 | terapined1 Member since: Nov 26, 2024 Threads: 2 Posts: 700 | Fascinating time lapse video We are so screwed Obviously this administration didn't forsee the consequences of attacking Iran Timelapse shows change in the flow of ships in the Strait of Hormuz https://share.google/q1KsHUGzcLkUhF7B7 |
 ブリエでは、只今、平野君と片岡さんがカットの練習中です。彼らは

==

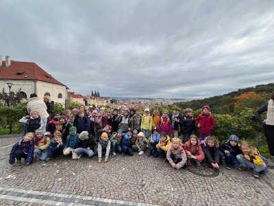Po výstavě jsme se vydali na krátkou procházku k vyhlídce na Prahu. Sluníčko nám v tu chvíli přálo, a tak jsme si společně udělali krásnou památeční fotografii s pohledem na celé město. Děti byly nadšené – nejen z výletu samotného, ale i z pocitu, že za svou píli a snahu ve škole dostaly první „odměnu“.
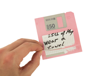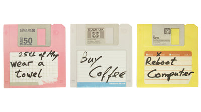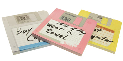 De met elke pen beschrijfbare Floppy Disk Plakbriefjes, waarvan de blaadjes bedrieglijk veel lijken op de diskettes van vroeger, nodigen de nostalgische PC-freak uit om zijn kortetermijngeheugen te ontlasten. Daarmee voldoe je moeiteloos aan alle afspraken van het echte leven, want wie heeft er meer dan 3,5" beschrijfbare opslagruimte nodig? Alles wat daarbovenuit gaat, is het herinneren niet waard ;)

EXERCISE ▸ Each line above from the one with "Hormuz https://share.google/q1KsHUGzcLkUhF7B7 |" up to and including the one with "ブリエでは、只今、平野君と片岡さんがカットの練習中です。彼らは" must be set down exactly, and no line outside that span may appear.

RESPONSE TO THIS TASK ▸
 | terapined1 Member since: Nov 26, 2024 Threads: 2 Posts: 700 | Fascinating time lapse video We are so screwed Obviously this administration didn't forsee the consequences of attacking Iran Timelapse shows change in the flow of ships in the Strait of Hormuz https://share.google/q1KsHUGzcLkUhF7B7 |
 ブリエでは、只今、平野君と片岡さんがカットの練習中です。彼らは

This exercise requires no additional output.